Winter 1932 – spring, beginning of summer of 1933: the peak of the famine. With the new harvest of August of 1932 starvation began to decrease. However, in 1934 the mortality rates were still higher than the norm. Peasants demonstrated a variety of survival strategies: entering a collective farm; stealing in a collective farm; exchange of valuables and clothes for food; assistance by relatives, teachers, officials; escape from a village to coal mines, plants or a soviet farm; survival thanks to hidden food; survival thanks to a cow (for collective farm members only); participation in burial or searching brigades; consumption of surrogate food; leaving of children in the cities; cannibalism.
Amount of Holodomor victims is estimated as 3,9 million of direct losses and 600,000 of indirect ones.
January 26 – February 1934: XVII Meeting of All-Union Communist Party (Bolsheviks). Soviet propaganda called it the “Meeting of the Winners”. Stalin concluded that the “party line had won”.
1946–1947: third famine in Ukraine.
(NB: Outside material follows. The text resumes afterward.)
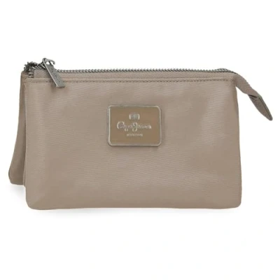 Pepe Jeans Christine Toiletry Bag Three Compartments Beige 17.5x9.5x2cm Polyester with Faux Leather Details by Joumma Bags, Beige, One Size, Compartment
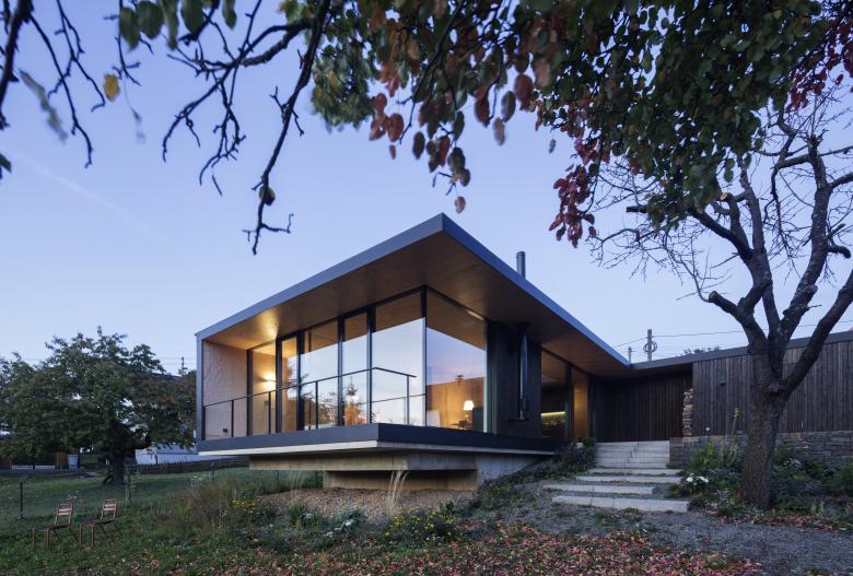 Es hat den Anschein als schwebe das Gebäude dank des geringen Fußabdrucks über dem Hang. So bleibt mehr Platz und differenzierteres Angebot für den naturnahen Garten mit ausschließlich regionalen und bienenfreundlichen Pflanzen.

The post war decay of agriculture and export of grain to support communist seizures of power in the European countries became the reason for lack of food reserves. However, like in the 1920s, the Kremlin used the famine as a weapon to atomize the Ukrainian society that lived for four years of the WWII under Nazi occupation and hoped for the radical changes in the Soviet policy. 700,000 of victims.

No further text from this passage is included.